Titolo: ENOGASTRONOMIA - Dizionario enogastronomico

Autore: Michele Marziani


Articolo:
Marroni di Marradi
Marradi è una cittadina appenninica, circondata da silenti castagneti, a cavallo tra Toscana e Romagna. Sarebbe uno dei tanti paesi "sconosciuti" della provincia italiana se non avesse due grandi "meriti": aver dato i natali a quel poeta inquieto come il Novecento che è stato Dino Campana ed essere la patria del marron buono di Marradi, ovvero della più saporita e famosa delle castagne del Mugello toscano.
Frutto di ottima pezzatura, molto polposo, il marron buono di Marradi è considerato la varietà di marrone più apprezzata delle oltre trecento cultivar esistenti in Italia. I motivi di tanta nomea vanno cercati, oltre che nelle dimensioni, nella dolcezza della castagna e nella sua grande versatilità in cucina: perfetta per le caldarroste, ma anche per realizzare torte e castagnacci. Dal sapore antico, tutto da riscoprire, sono le "ballotte", ovvero i marroni di Marradi, fatti bollire in acqua abbondante aromatizzata, a seconda delle scuole di pensiero, o con foglie di alloro o con semi di finocchio.

Marsala
Chi non conosce il Marsala dal colore giallo oro, pieno, carico, ambrato dopo l'invecchiamento? Il Marsala è il vino da meditazione più famoso d'Italia, l'unico in grado di competere con i grandi di Spagna e Portogallo. Sono tante le versioni previste all'interno della denominazione Marsala, ognuna con caratteristiche proprie: il Marsala Fine prevede un invecchiamento minimo di un anno, il Superiore due (quattro la Riserva), il Vergine cinque anni... I Marsala che invecchiano in botte non solo non hanno paura del tempo, ma guadagnano in piacevolezza e rotondità e vini vecchi anche più di vent'anni sono ricercatissimi.
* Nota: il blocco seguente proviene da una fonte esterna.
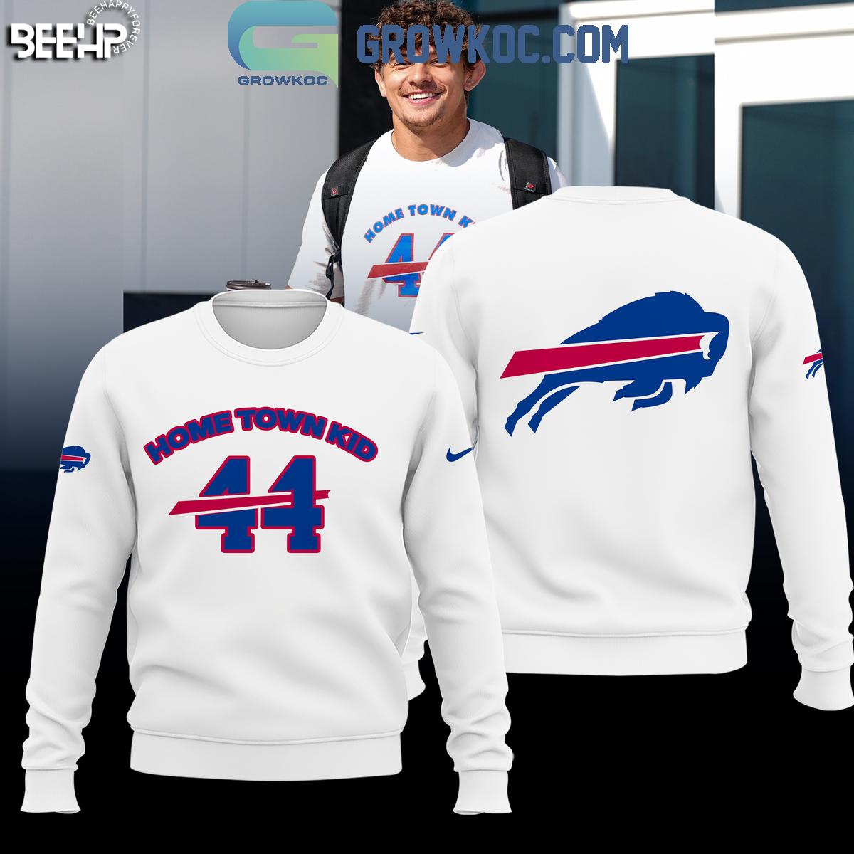 The crisp white base provides a clean canvas for the vibrant graphics. Front and center, the bold "HOME TOWN KID" lettering, rendered in striking red and blue, sits proudly above the distinctive number "44" – a powerful symbol for any fan. This design resonates with the grassroots energy of the Bills Mafia, celebrating those who grew up cheering for their team from day one.
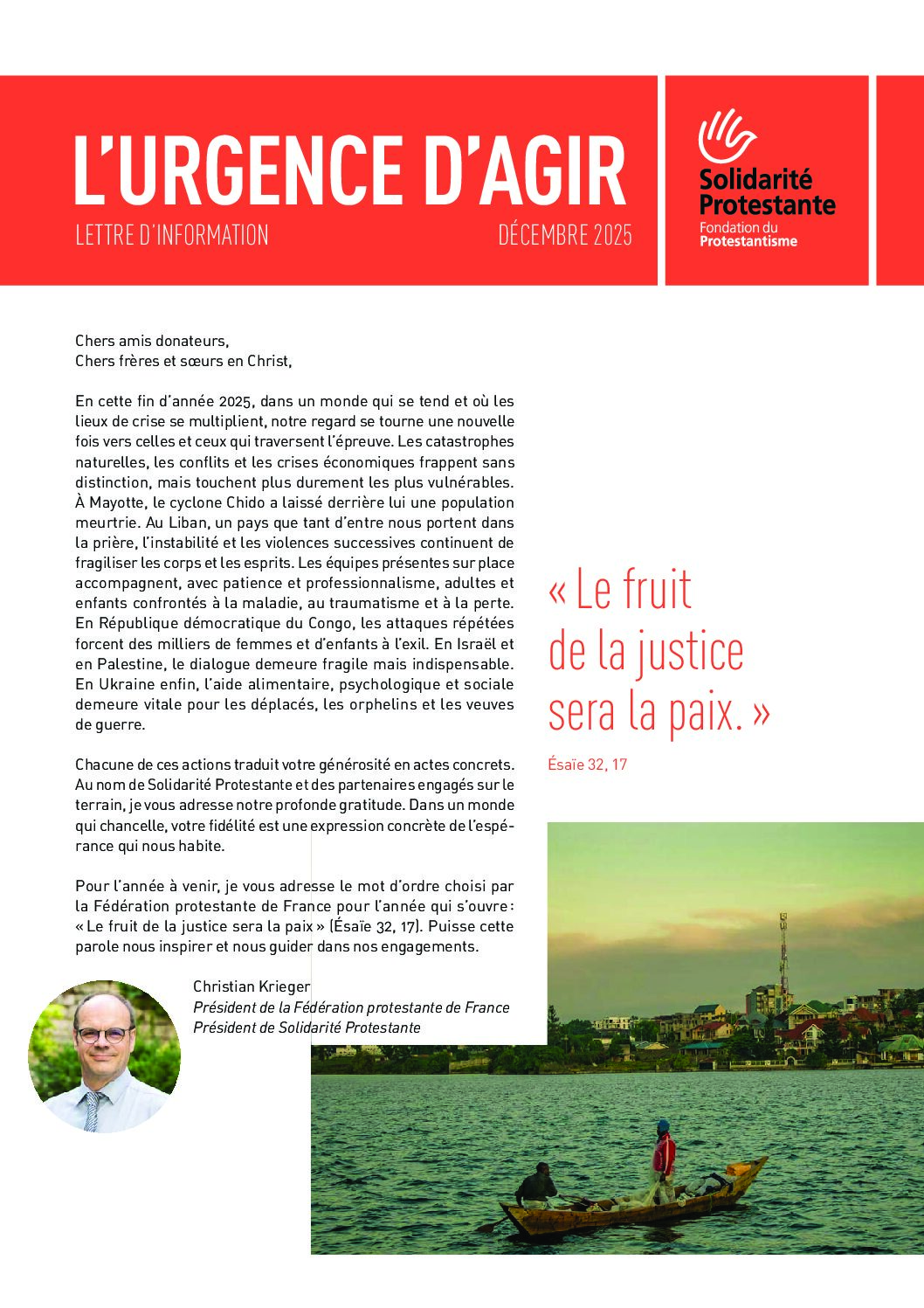 La plateforme Solidarité Protestante dispose d’une lettre annuelle pour faire un bilan des actions engagées.
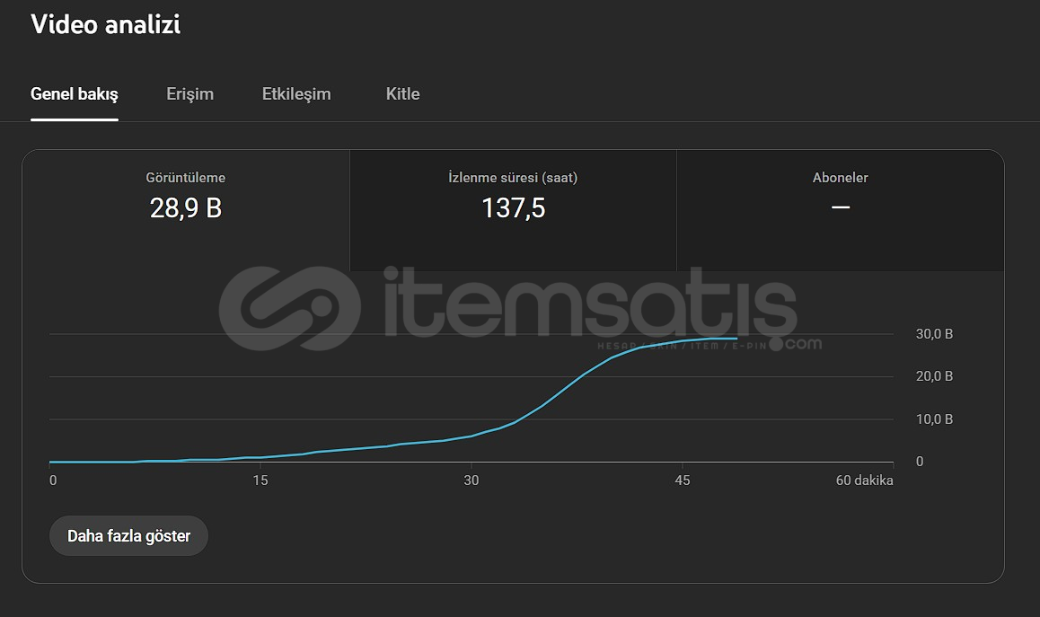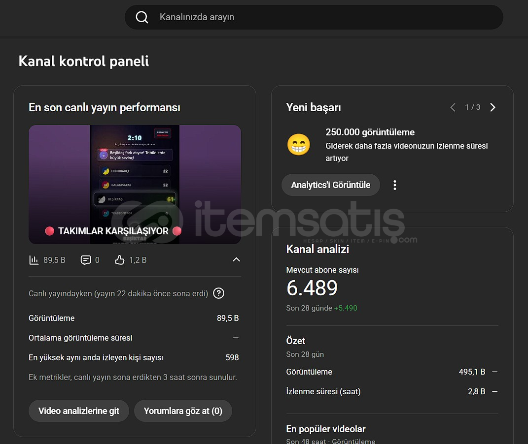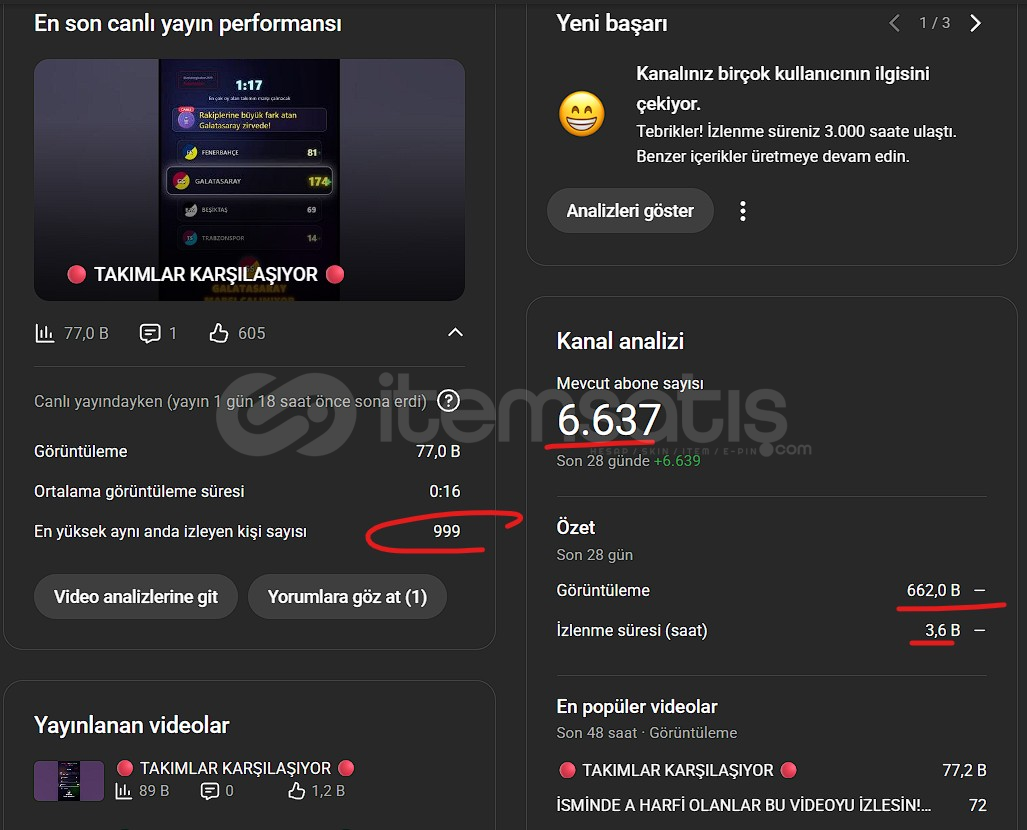 KEŞFET AÇIK ULTRA VIP HESAP----- Otomatik Teslimattır, Burada olmasam bile alabilirsiniz. ------------3600 Saat izlenmesi ile Para Kazanma açma eşiğindedir.Hesapta bot vesaire herhangi bir işlem kesinlikle yoktur. Tamamen kendi scriptim ile ( Yakında satışa sunulacak olan Canlı Yayın Premium Edition ) doğal olarak kasılmıştır. Her bir abone her bir izleyici doğaldır ve 7040 Abonesi bulunmaktadı...
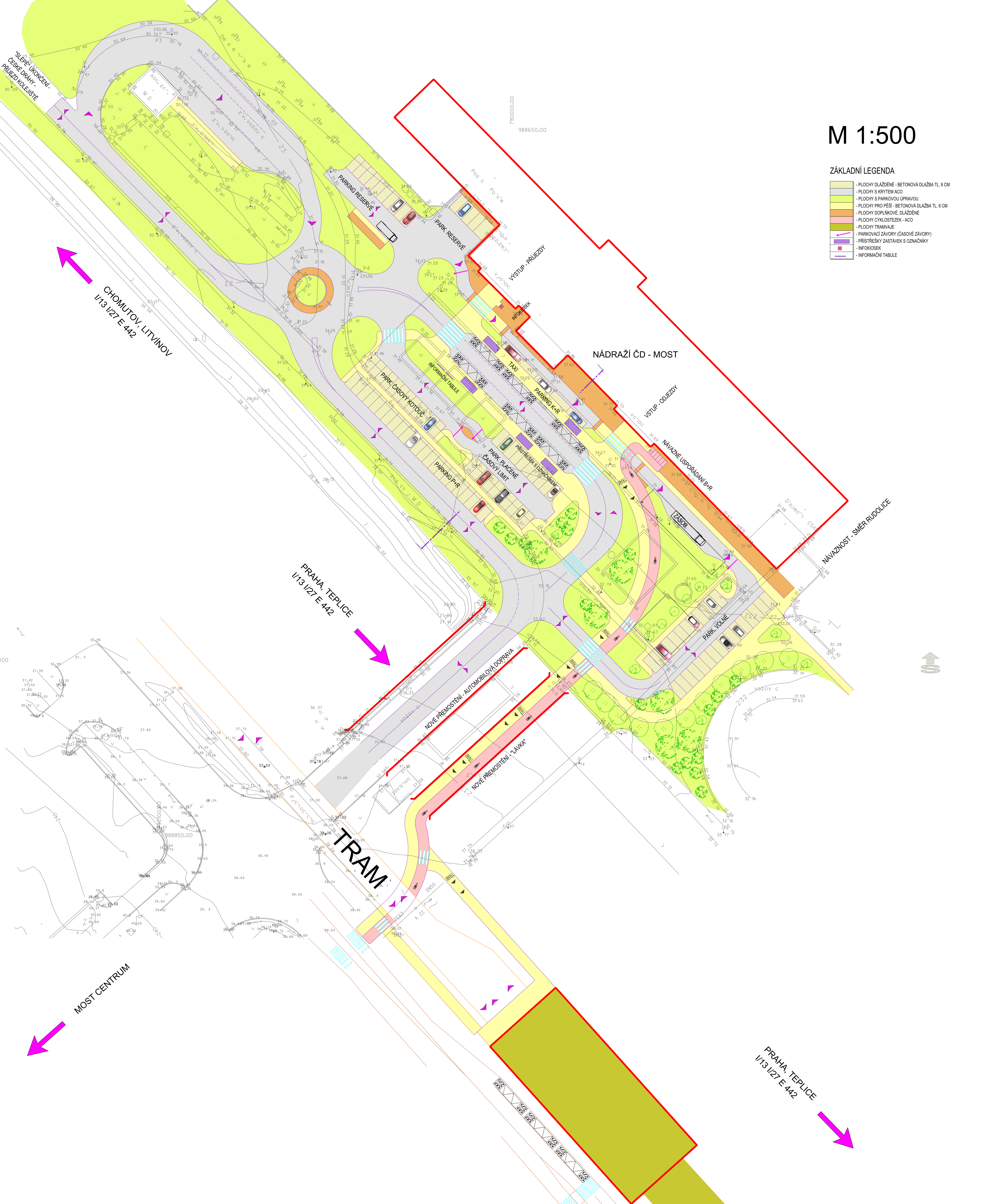 Cca před deseti lety zpracoval ing. Černý, za mé spolúčasti, návrh úpravy přednádražního prostoru v Mostě. Samozřejmě, na základě výběrového řízení o nejnižší ceně, DÚR zpracovala úplně jiná firma. Tak není možné zapracovat další „nezveřejněné“ (záměrně) úpravy, projekt není realizován. V roce 2010 jsem byl osloven na změnu řešení tak, aby bylo možné čerpat dotaci na vypsaný titul, a aby bylo možné, s využitím původní koncepce, prostor co nejlépe užívat veřejností.

I profumi dei Marsala, soprattutto quelli secchi, sono caratteristici, ricchi, complessi, con note di mandorla e frutta essiccata. In bocca può essere secco o dolce, a seconda delle versioni e dell'età, ma sempre molto elegante. Il vino prende il nome dalla città di Marsala, distesa sul promontorio di capo Boeo, nella Sicila occidentale. Città dal nome arabo (Marsa Alì, vale a dire porto di Alì o di Allah) ma di origini fenicie. La storia dice che sono gli inglesi nel XVIII secolo ad innamorarsi del vino di Marsala, prodotto sin dai tempi antichi. Se ne appassionano soprattutto per motivi commerciali: intuiscono che può competere con il Porto. John Woodhouse è il primo ad aprire uno stabilimento a Marsala. Lo seguono a ruota altri imprenditori inglesi tra cui Benjamin Ingham e Joseph Witaker. Il primo siciliano a comprendere le potenzialità del moderno Marsala è Vincenzo Florio, fondatore dell'omonima azienda. Tra le numerose varietà di Marsala ce n'è anche una di colore rosso rubino, realizzata con uve Perricone, Nero d'Avola e Nerello Mascalese. Si tratta di un vino di grande impatto olfattivo e gustativo.

Melanzane rosse
Sono poco note, ma squisite le melanzane rosse. Sì rosse, proprio come un pomodoro, al punto che in Basilicata, l'unica regione in cui si coltivano, questa varietà viene chiamata "merlingiana a pummdore". Sono ortaggi che arrivano dall'Africa tropicale e hanno trovato casa, nei secoli passati, in alcune zone del versante lucano del Parco nazionale del Pollino. Si utilizzano soprattutto per produrre sott'oli e per il palato sono una vera sorpresa: ortaggi di grande bontà, corposi, intensi, carnosi, un po' più piccanti delle melanzane tradizionali…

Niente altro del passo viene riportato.